• WORK REQUIRED: Go to the line with "Karo Deck Uygulaması;" in the records below, then output it and each following line exactly, up to and including the line with "Con delicati boccioli". Skip pictures and add nothing.

Records excerpted from a collection:
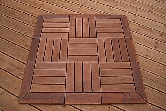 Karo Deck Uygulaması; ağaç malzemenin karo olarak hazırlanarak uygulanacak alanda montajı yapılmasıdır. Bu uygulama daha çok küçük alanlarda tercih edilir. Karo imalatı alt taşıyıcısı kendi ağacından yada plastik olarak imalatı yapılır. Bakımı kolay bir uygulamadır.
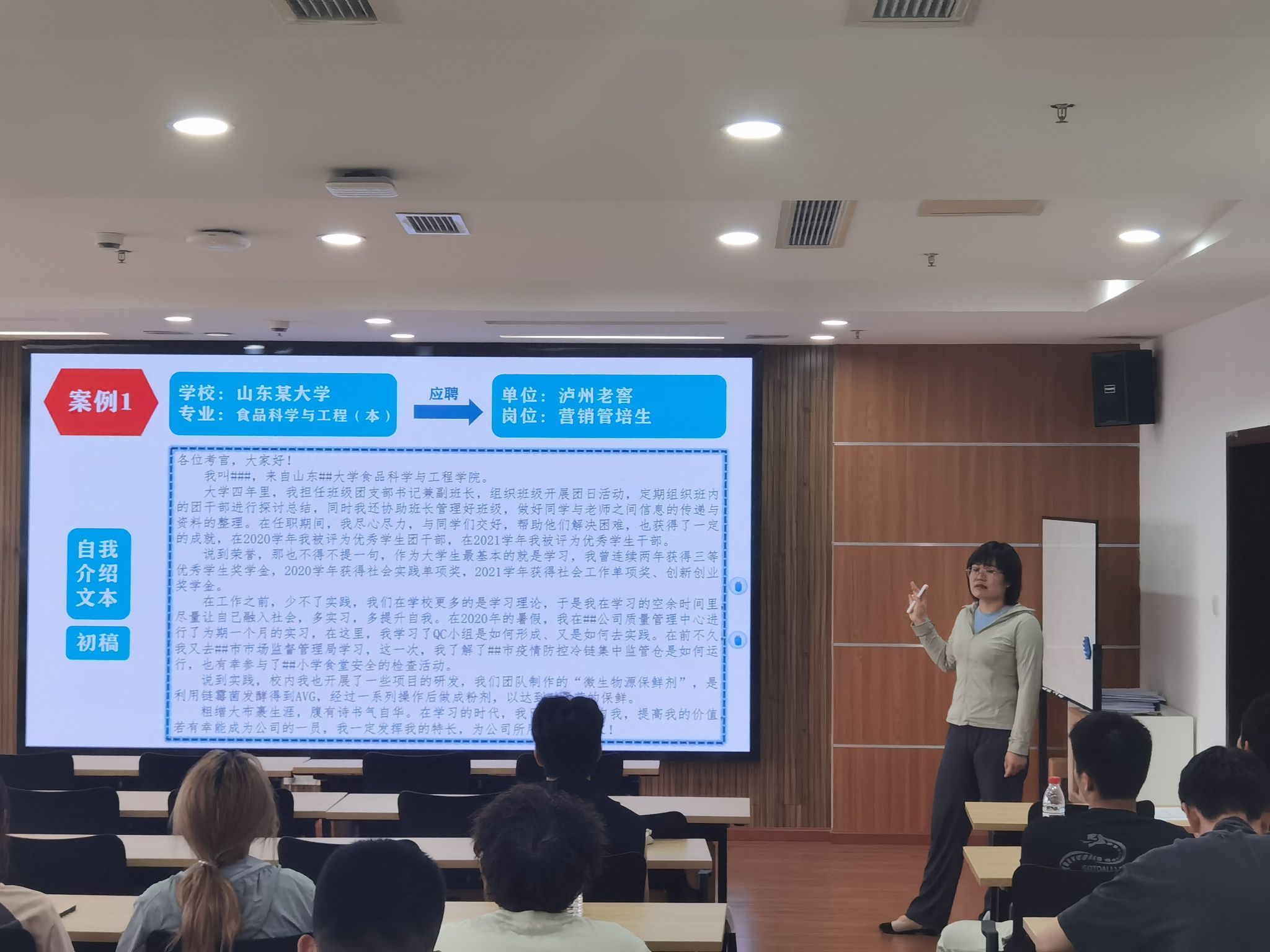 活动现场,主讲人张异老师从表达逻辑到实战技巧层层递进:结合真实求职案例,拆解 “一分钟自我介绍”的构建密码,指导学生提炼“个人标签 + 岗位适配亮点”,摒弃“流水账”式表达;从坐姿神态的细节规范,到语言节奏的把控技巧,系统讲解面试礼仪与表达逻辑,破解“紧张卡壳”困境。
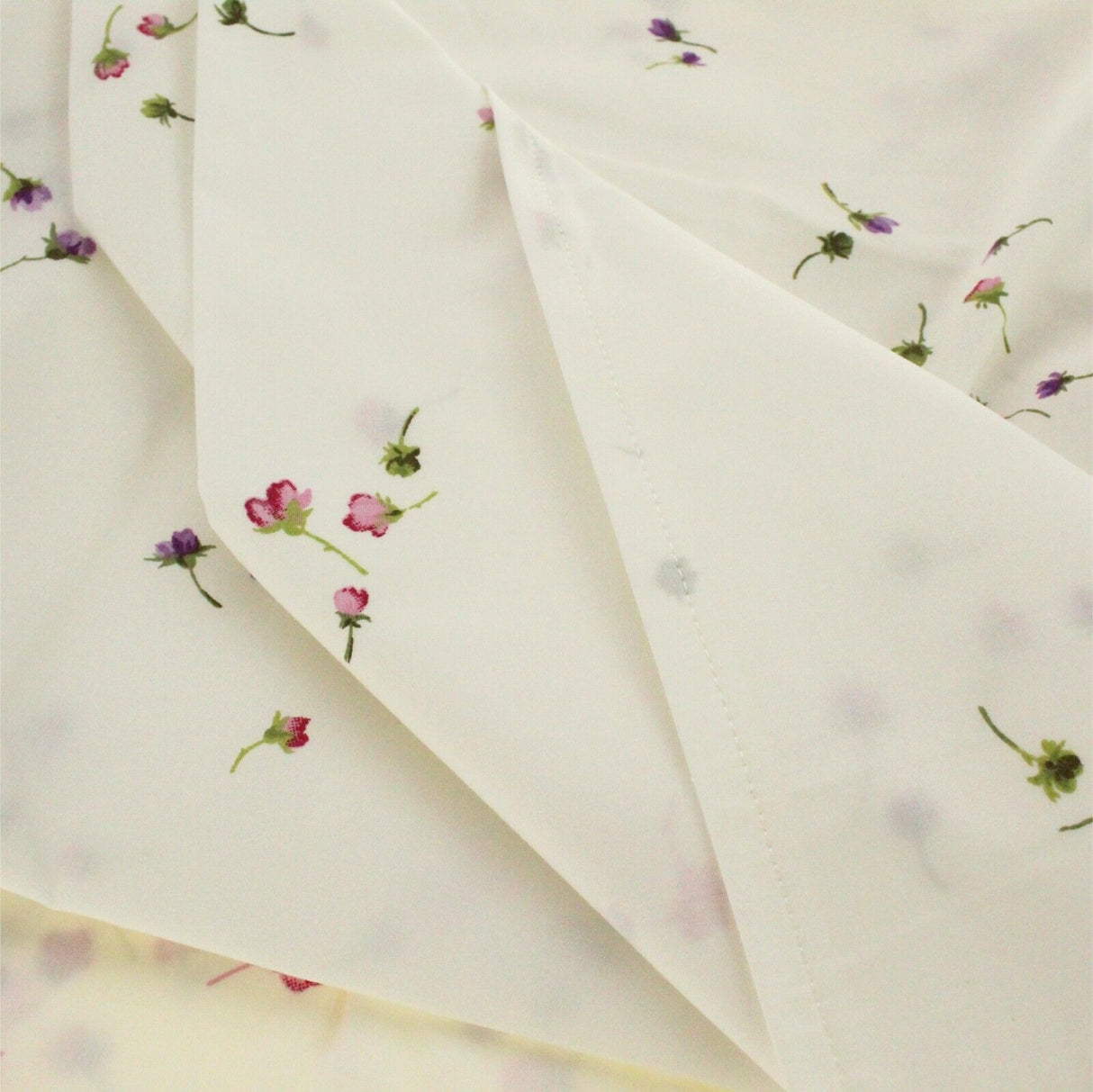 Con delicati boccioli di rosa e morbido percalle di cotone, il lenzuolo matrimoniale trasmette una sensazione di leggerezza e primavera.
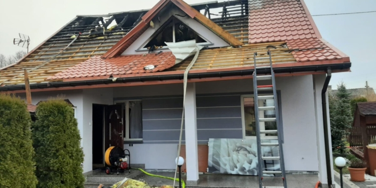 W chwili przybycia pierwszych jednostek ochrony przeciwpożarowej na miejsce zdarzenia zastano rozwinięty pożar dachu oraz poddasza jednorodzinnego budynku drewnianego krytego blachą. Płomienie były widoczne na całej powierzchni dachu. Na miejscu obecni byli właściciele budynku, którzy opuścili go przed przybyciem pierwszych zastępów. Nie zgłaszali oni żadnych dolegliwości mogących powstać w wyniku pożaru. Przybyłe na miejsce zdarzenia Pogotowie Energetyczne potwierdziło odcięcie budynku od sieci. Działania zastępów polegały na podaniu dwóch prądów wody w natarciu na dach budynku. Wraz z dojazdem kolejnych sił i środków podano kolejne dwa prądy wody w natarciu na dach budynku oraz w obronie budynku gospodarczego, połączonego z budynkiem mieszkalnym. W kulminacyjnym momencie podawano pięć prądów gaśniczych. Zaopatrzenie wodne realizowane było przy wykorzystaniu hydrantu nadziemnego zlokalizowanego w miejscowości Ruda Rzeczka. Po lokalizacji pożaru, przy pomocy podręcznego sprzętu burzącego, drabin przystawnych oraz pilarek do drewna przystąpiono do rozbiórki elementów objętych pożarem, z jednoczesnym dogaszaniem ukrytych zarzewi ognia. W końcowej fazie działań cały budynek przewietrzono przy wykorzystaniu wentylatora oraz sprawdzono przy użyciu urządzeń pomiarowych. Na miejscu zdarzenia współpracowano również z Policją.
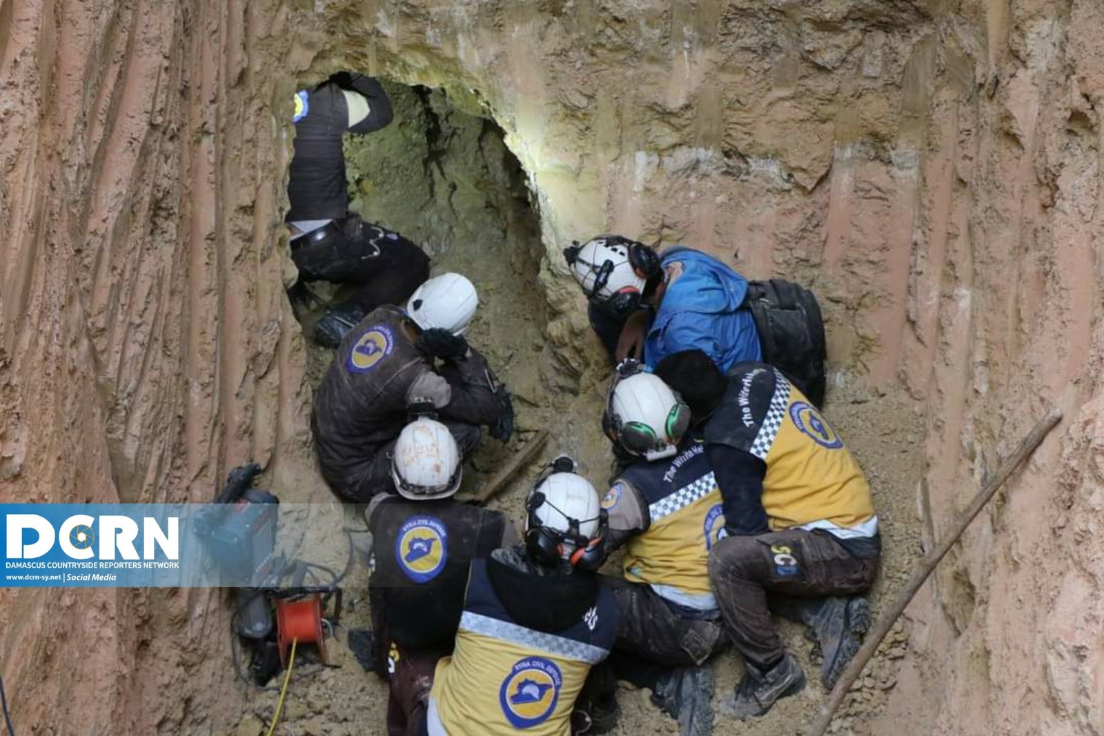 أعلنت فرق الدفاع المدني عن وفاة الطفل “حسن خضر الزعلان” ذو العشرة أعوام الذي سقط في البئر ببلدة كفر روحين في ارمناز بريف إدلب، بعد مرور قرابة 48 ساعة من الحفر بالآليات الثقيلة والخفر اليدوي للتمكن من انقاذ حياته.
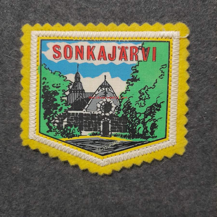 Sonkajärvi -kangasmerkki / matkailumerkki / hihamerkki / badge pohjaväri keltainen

--

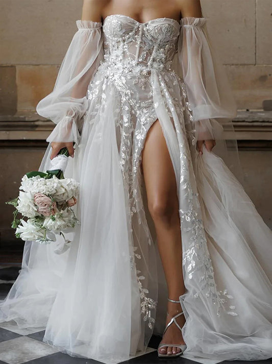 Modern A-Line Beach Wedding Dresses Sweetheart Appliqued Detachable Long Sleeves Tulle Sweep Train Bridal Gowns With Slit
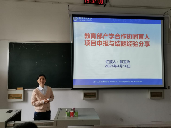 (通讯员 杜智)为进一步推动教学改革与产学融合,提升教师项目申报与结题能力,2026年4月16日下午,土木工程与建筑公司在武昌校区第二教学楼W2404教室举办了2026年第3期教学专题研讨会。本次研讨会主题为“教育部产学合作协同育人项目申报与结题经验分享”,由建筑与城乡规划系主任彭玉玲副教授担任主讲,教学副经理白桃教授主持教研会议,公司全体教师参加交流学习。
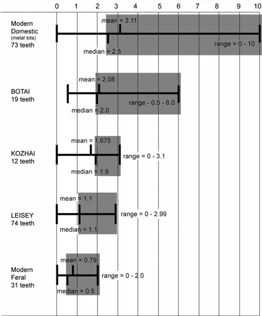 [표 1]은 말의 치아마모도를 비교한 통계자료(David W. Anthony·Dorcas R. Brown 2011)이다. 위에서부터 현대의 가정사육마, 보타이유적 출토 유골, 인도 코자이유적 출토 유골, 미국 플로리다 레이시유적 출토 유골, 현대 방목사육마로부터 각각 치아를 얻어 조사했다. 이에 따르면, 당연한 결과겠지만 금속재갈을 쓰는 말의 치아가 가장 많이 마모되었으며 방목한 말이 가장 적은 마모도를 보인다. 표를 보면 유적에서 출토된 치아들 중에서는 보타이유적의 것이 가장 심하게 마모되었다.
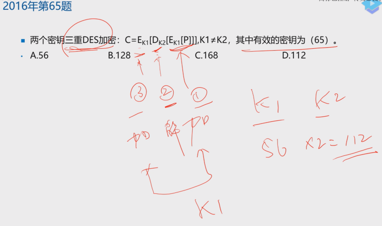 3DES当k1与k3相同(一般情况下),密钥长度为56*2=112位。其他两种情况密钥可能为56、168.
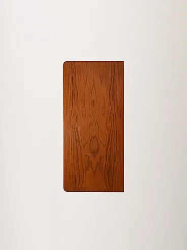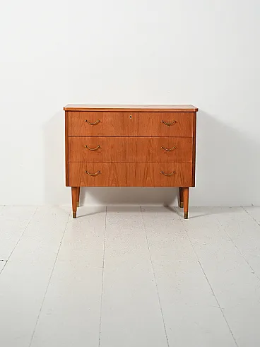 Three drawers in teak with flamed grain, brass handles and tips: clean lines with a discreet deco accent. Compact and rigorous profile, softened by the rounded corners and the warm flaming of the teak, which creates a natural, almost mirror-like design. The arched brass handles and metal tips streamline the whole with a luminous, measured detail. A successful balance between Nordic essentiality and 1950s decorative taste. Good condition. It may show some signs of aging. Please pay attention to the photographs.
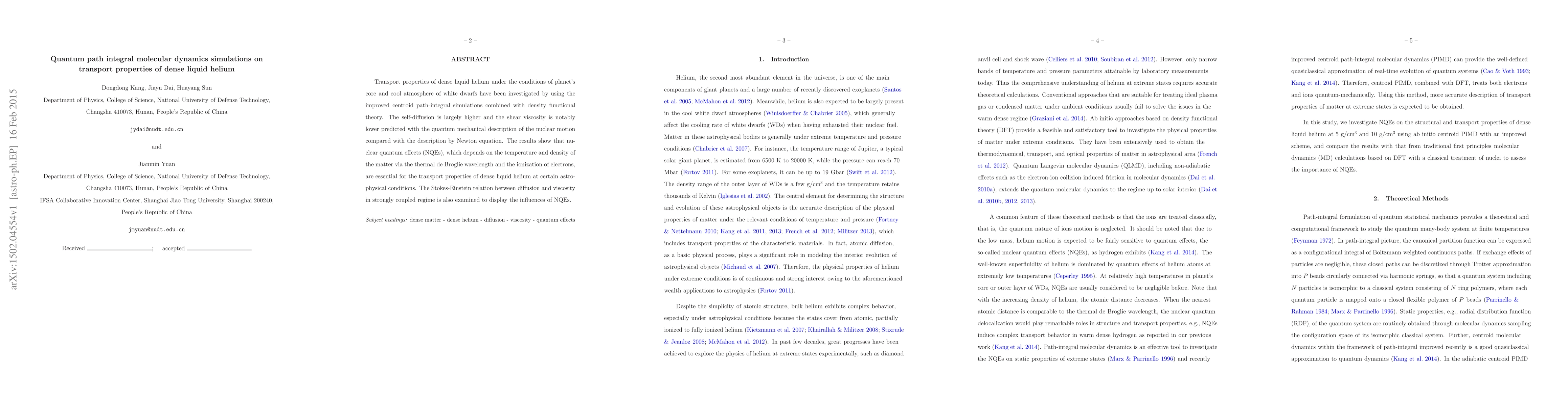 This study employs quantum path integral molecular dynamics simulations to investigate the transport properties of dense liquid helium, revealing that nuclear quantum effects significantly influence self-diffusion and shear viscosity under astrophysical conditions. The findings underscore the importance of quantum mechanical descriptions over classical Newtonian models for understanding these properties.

• TASK SOLUTION:
 Karo Deck Uygulaması; ağaç malzemenin karo olarak hazırlanarak uygulanacak alanda montajı yapılmasıdır. Bu uygulama daha çok küçük alanlarda tercih edilir. Karo imalatı alt taşıyıcısı kendi ağacından yada plastik olarak imalatı yapılır. Bakımı kolay bir uygulamadır.
 活动现场,主讲人张异老师从表达逻辑到实战技巧层层递进:结合真实求职案例,拆解 “一分钟自我介绍”的构建密码,指导学生提炼“个人标签 + 岗位适配亮点”,摒弃“流水账”式表达;从坐姿神态的细节规范,到语言节奏的把控技巧,系统讲解面试礼仪与表达逻辑,破解“紧张卡壳”困境。
 Con delicati boccioli di rosa e morbido percalle di cotone, il lenzuolo matrimoniale trasmette una sensazione di leggerezza e primavera.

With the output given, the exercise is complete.